-- Data to process follows --

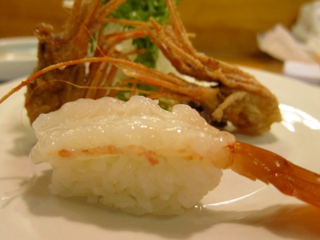 That was the response when we asked our sushi chef what it was he was serving us. It looked and tasted like monkfish liver, foie gras of the sea, as some may describe it. Sometimes I like it, and sometimes I don’t. It really depends on how fishy it tastes and smells. This one was on the fishier side, but I am no expert and maybe monkfish liver will always be fishy. It tasted like it was drizzled with some ponzu which helped to mask the fishiness.
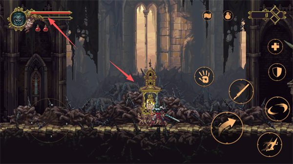 4、上方显示的是角色的血条,当血量耗尽时,可以在神像前回血,或者点击右侧的【+号】使用药水进行恢复。
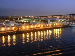 ![]() | 「ノーウェジアン・スター」の岸壁を通り過ぎます。入港がちょうど日の出の時間と重なっているので、段々夜が明けていっていました。 | |
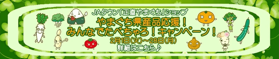 JA全農は、産地直送通販サイト「JAタウン」に出店する「正直やまぐち」で、「やまぐち県産品応援!みんなでたべちゃろ!キャンペーン!」を実施中です。
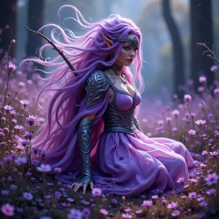 다음과 같은 프롬프트를 사용하면 도움이 됩니다: "자연, 꽃이 많은, 덩굴나무, 허브, 꽃이 피는 식물, 식물, 이끼 등..." "flrlizer"라는 키워드를 추가하는 것도 잘 작동합니다. LORA 강도는 프롬프트에 크게 의존하며, 일반적으로 0.65가 좋은 시작점입니다.
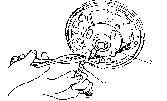 2. Remove shoe hold down springs (2) by turning shoe hold down pins (1).
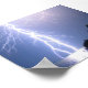 Image frappante prise par le National Weather Service d'individus près de l'océan avec un puissant coup de foudre qui coule du ciel à l'eau.
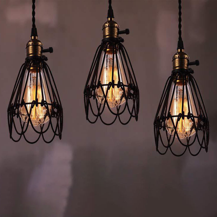 Contemporary Industrial Iron Cage Flower 1-Light Pendant Light For Dining Room

-- Data to process concluded --

> _Work instruction_
Repeat each entry exactly as given; no pictures belong in the copy.

> _Answer section_
 That was the response when we asked our sushi chef what it was he was serving us. It looked and tasted like monkfish liver, foie gras of the sea, as some may describe it. Sometimes I like it, and sometimes I don’t. It really depends on how fishy it tastes and smells. This one was on the fishier side, but I am no expert and maybe monkfish liver will always be fishy. It tasted like it was drizzled with some ponzu which helped to mask the fishiness.
 4、上方显示的是角色的血条,当血量耗尽时,可以在神像前回血,或者点击右侧的【+号】使用药水进行恢复。
 ![]() | 「ノーウェジアン・スター」の岸壁を通り過ぎます。入港がちょうど日の出の時間と重なっているので、段々夜が明けていっていました。 | |
 JA全農は、産地直送通販サイト「JAタウン」に出店する「正直やまぐち」で、「やまぐち県産品応援!みんなでたべちゃろ!キャンペーン!」を実施中です。
 다음과 같은 프롬프트를 사용하면 도움이 됩니다: "자연, 꽃이 많은, 덩굴나무, 허브, 꽃이 피는 식물, 식물, 이끼 등..." "flrlizer"라는 키워드를 추가하는 것도 잘 작동합니다. LORA 강도는 프롬프트에 크게 의존하며, 일반적으로 0.65가 좋은 시작점입니다.
 2. Remove shoe hold down springs (2) by turning shoe hold down pins (1).
 Image frappante prise par le National Weather Service d'individus près de l'océan avec un puissant coup de foudre qui coule du ciel à l'eau.
 Contemporary Industrial Iron Cage Flower 1-Light Pendant Light For Dining Room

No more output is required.